Sunday, November 21, 2010

New Orleans municipal bird

A blast from the past.  I let you guess who is your humble narrator.
I was in City Park this morning watching the geese.  There were a few Canadian geese, like I'm used to seeing, but there were also the more humdrum, farmyard variety that seem more exotic to me since I've never lived on a farm.  

I am moving soon to another part of town.  I am in the process of purchasing a house to call both home and headquarters since I moved to New Orleans with every intention to stay.  I told the mailman the other day and he declared it was good news.  "That makes it official," he said as he shook my hand.  Everyone says that and thanks me for making my permanency a little more permanent.  "We need everybody we can get," they say with what sounds like faint praise.

I know New Orleans zoning is fairly lenient about keeping chickens at home.  I wonder how the regulations regard geese.  I was pricing X-mas goose this weekend and, much like in Boston, a goose goes for about forty bucks.  It had better be a fine bird.  If I kept a goose at home, assuming I could find someone to butcher and clean it for me, that would be a $40 savings if I didn't mind eating a pet at Yuletide.  

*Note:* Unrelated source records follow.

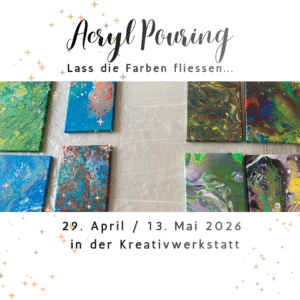 Wir lassen Farben frei ineinanderfließen, sodass dein persönliches Bild entsteht. Petra Matzenauer, seit 20 Jahren als Acryl-Künstlerin tätig, zeigt, wie man Acrylfarben miteinander vermischt und schlussendlich auf die Leinwand oder einen anderen Gegenstand fliessen lässt.
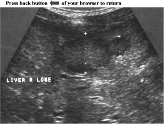 Ultrasound examination of the right liver lobe revealed two adjacent, hypoechoic, well defined masses. The size of the masses were 2,6cm and 1,3cm respectively. Both masses had hypoechoic halo around which made the masses easily distinguishable from surrounding liver parenchyma. The rest of the liver parenchyma was normal.
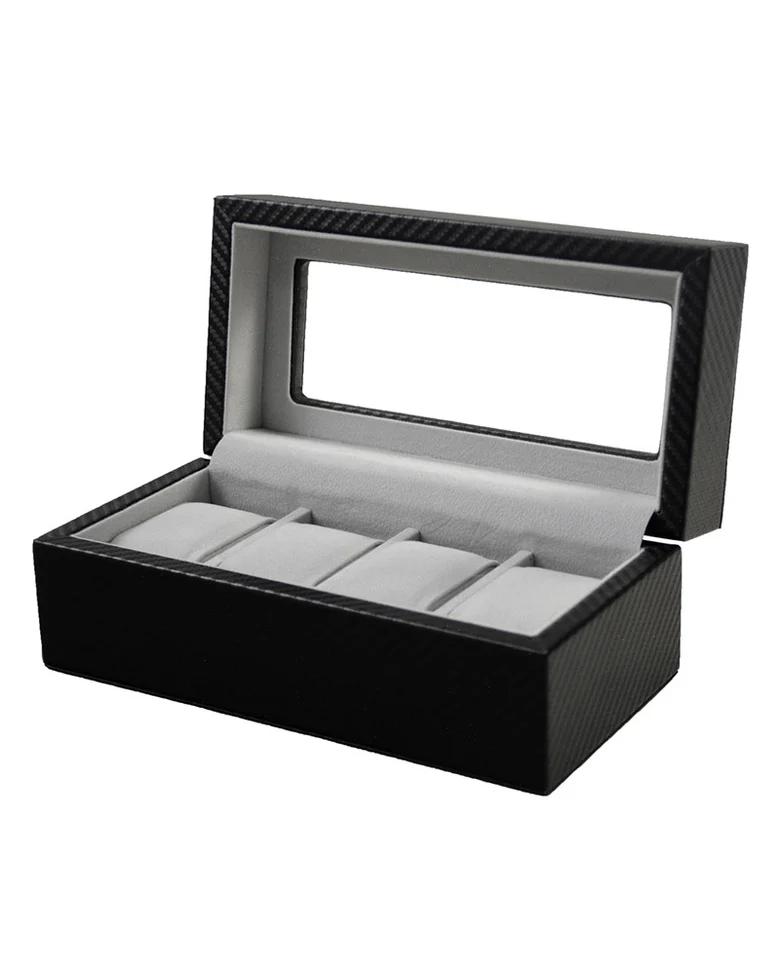 Organiser og vis frem dine armbåndsur med denne sorte, avlange klokkeboksen. Med 4 separate puter plassert side om side, holder boksen klokkene dine trygge og fri for riper. Det gjennomsiktige lokket gir deg full oversikt over samlingen din, samtidig som det beskytter mot støv og slitasje.
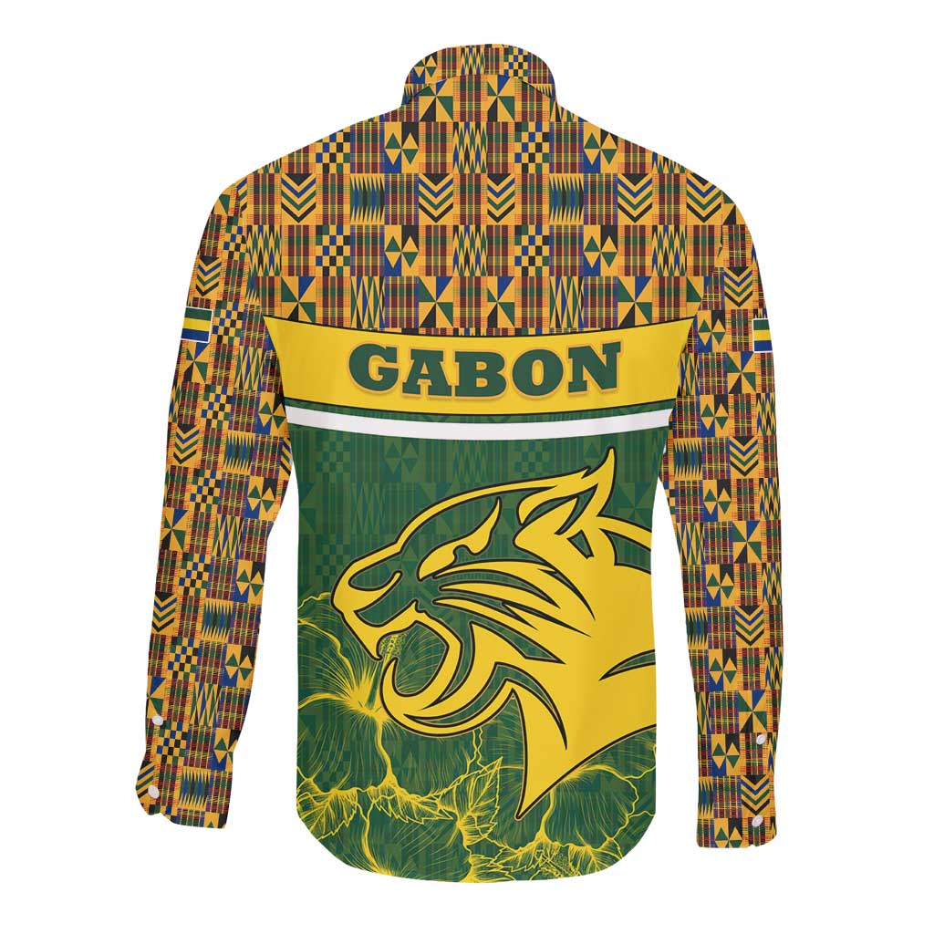 Gabon Long Sleeve Button Shirt - Tribal Print and Fierce Panther Graphic in National Flag Colors
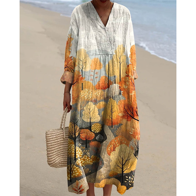 Women's Midi Dress Casual Dress Print Dress Fashion Modern Daily Beach Weekend Regular Fit Tree Long Sleeve V Neck Yellow Blue Orange Dark Blue Spring Fall
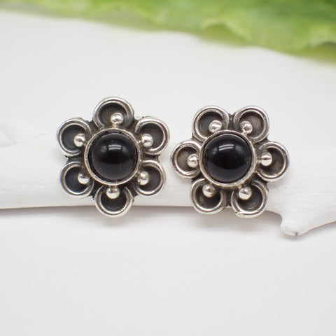 Sterling Silver Black Onyx Flower Studs
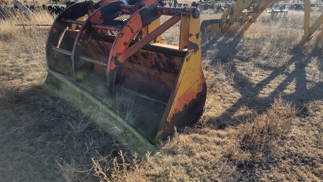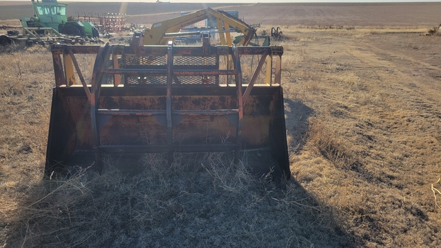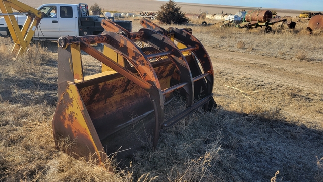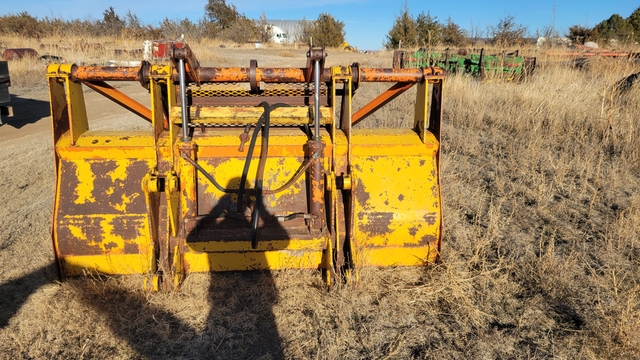 920 CAT Loader Bucket With Heavy Duty Grapple Fork--Dual Cylinder, Bucket Mount 38" Inside, 43" Outside, Bucket Width 96", Pin Holes 1.75", Bucket Teeth, $2000--Brent Cook Retirement--(785) 82One-1One32--Click on "Timer" to see my other listings.
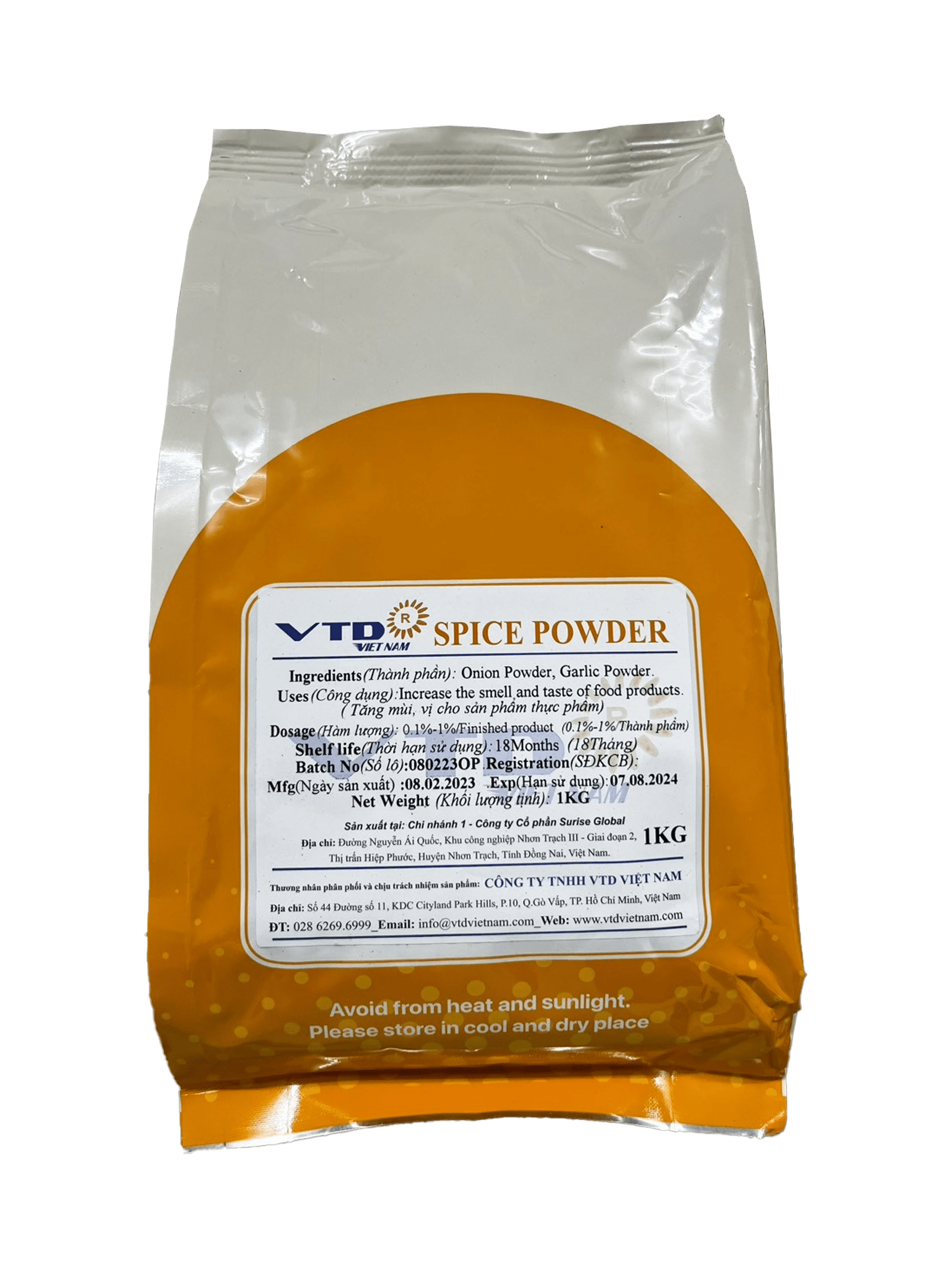Bột tỏi hành VTD được làm từ 100% hành tỏi khô và được nghiền, xay thành bột. Bột tỏi giúp nhà sản xuất tiện lợi khi sử dụng và lưu trữ được trong khoảng thời gian dài.
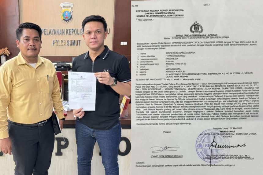 MEDAN – Merasa difitnah dengan tudingan pemerasan, anggota DPRD Kota Medan, David Roni G Sinaga, melaporkan pengusaha pemilik billiar Suyarno ke Polda Sumatera Utara (Poldasu), dengan nomor STTLP/B/690/V/2025/SPKT/Polda Sumatera Utara, Rabu (7/5) pukul 02.05 wib dinihari.
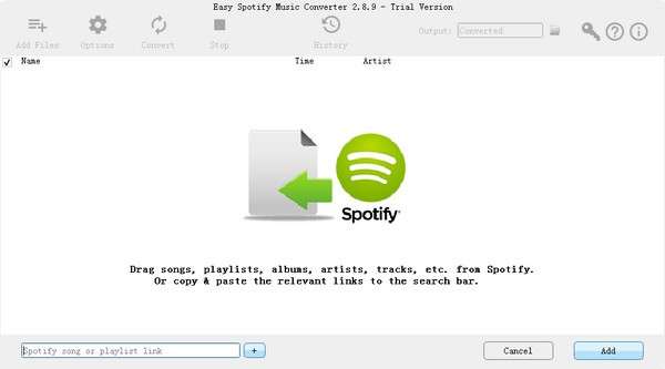 只需浏览Spotify帐户即可找到要下载的歌曲或播放列表。然后单击“添加文件”按钮将Spotify音乐添加到程序中。然后将这些歌曲、播放列表或专辑从Spotify应用程序拖动到Easy Spotify Converter的主窗口。或者,也可以复制Spotify歌曲/播放列表的URL链接,并将其粘贴到主界面底部的搜索框中。
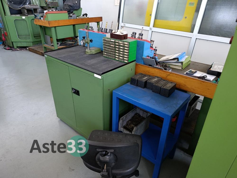 Arredamento per zona produzione composto da banchi da lavoro, mobili, vasca di contenimento liquidi, postazioni pc ed attezzature in sorte
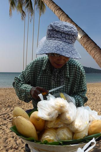 Keywords: mango woman asian girl shop assistant fruit saleswoman beach fruits fruit vitamins healthy thailand asia
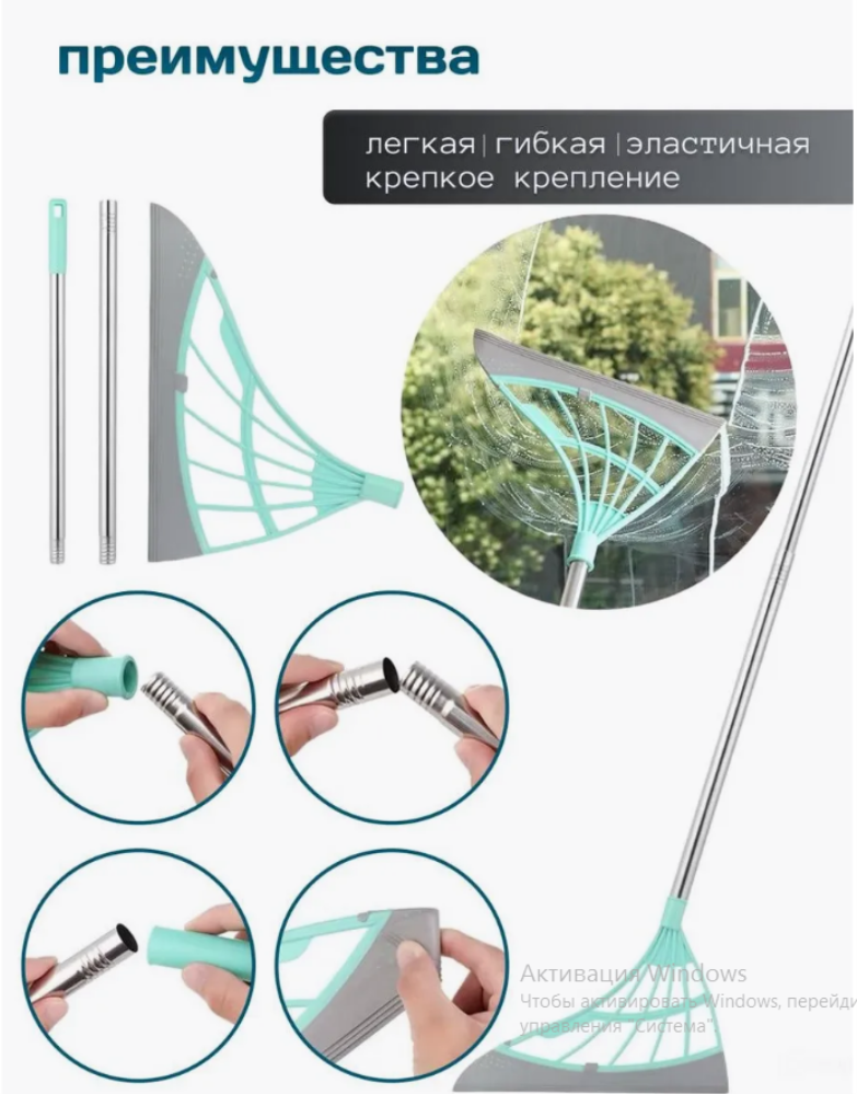 Швабра силиконовая скребок веник водосгон для пола и окон 6 фото
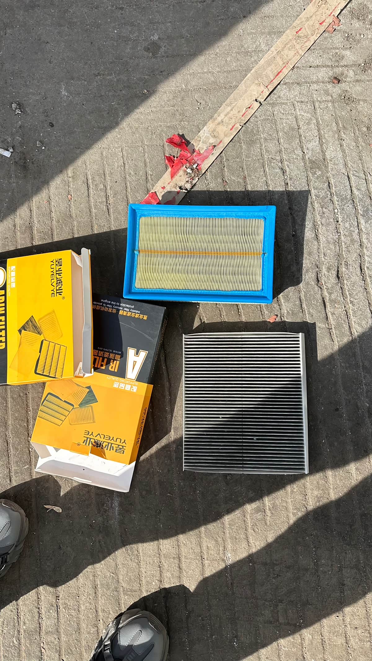 空气滤,空调滤自己在外面换的,花了38块钱,机油机油滤在4S店换的,第二次保养,依然免费
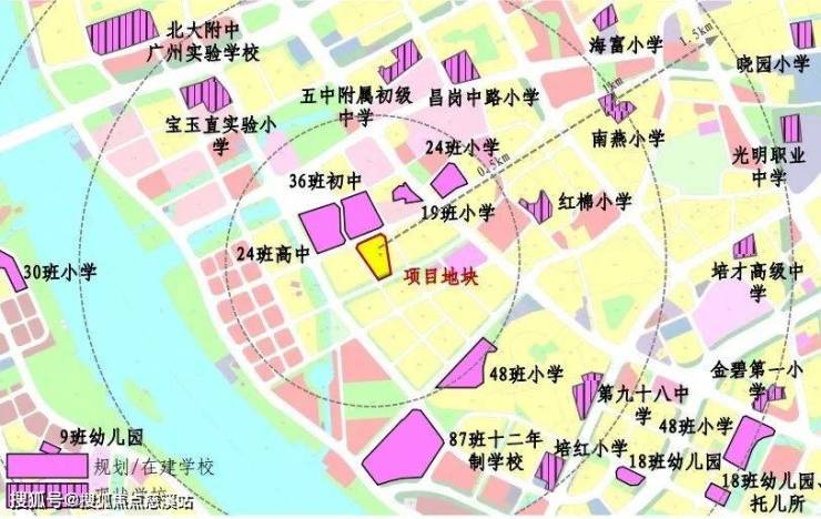 项目自身没有配建学校,但周边名校环伺,3km直线范围内包含广州市五中附属初级中学(省级)、广州市第41中学(省级)、宝玉直实验小学(光大校区)、江南外国语学校、工业大道中小学、红棉小学、海富小学、南燕小学、培红小学等9所学校环伺,拥有完善的区域教育体系。
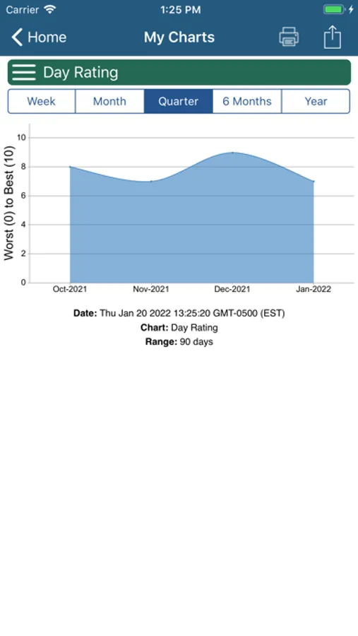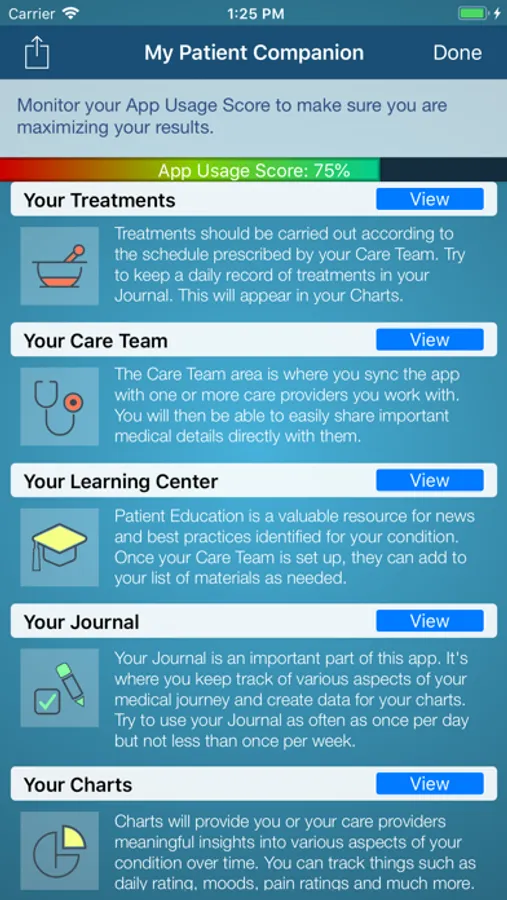 • Track your progress and symptoms by filling in the daily journal with its sliders and buttons and watch your data transform into easy-to-read charts
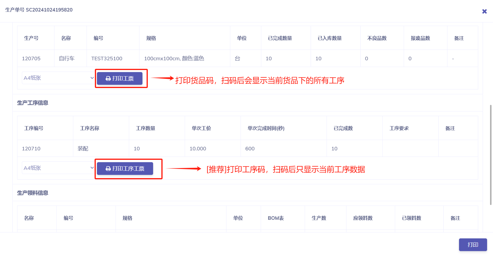 审核生产单后,我们需要对生产单货品进行打印工票二维码,因为生产工人会通过工序完成时扫码登记,然后由质检员审核工序。打印工票如下图所示:
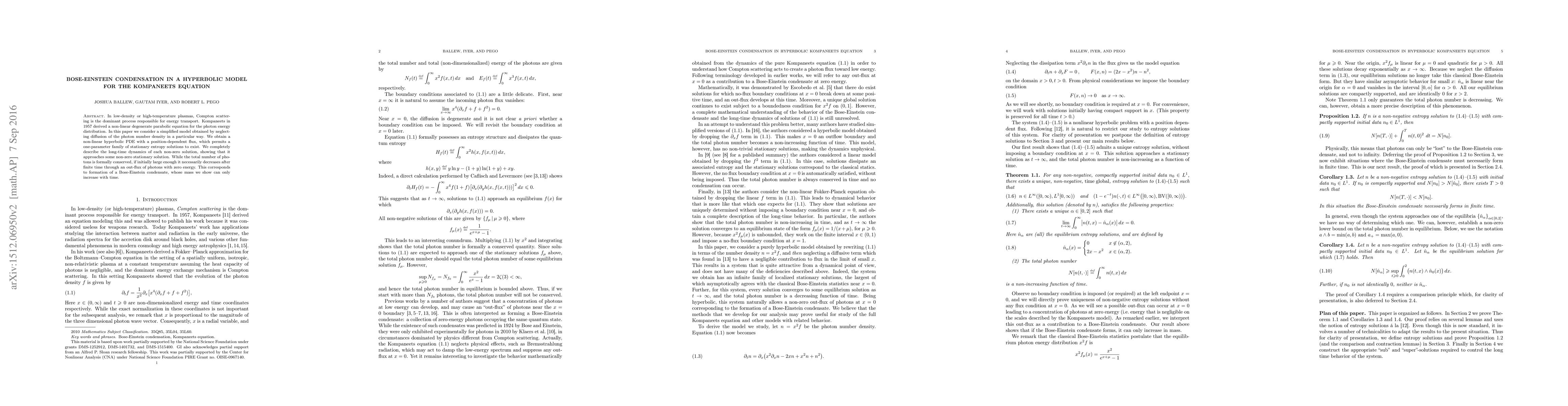 In low-density or high-temperature plasmas, Compton scattering is the dominant process responsible for energy transport. Kompaneets in 1957 derived a non-linear degenerate parabolic equation for the photon energy distribution. In this paper we consider a simplified model obtained by neglecting diffusion of the photon number density in a particular way. We obtain a non-linear hyperbolic PDE with a position-dependent flux, which permits a one-parameter family of stationary entropy solutions to exist. We completely describe the long-time dynamics of each non-zero solution, showing that it approaches some non-zero stationary solution. While the total number of photons is formally conserved, if initially large enough it necessarily decreases after finite time through an out-flux of photons with zero energy. This corresponds to formation of a Bose-Einstein condensate, whose mass we show can only increase with time.

I have to admit, I am surprised I don't see more of another kind of bird either in City Park or anywhere else in New Orleans.

In a city that is always on display I would think a peacock is a natural fit for the Crescent City.  I see their human equivalent parading up and down Canal Street and Magazine Street and Decatur Street every day.  I am sure they are South Carrollton Avenue, Jefferson Davis Avenue, Robert E. Lee Boulevard, and St. Claude Avenue as well.

I don't have any recommendations to make New Orleans a better place but one:  More peacocks!  I happen to know where you can buy them.  If a tenth of the population raised a peacock and set it free, New Orleans would be a more beautiful place.  A royal bird befitting a royal city.  A peacock should be on the city seal.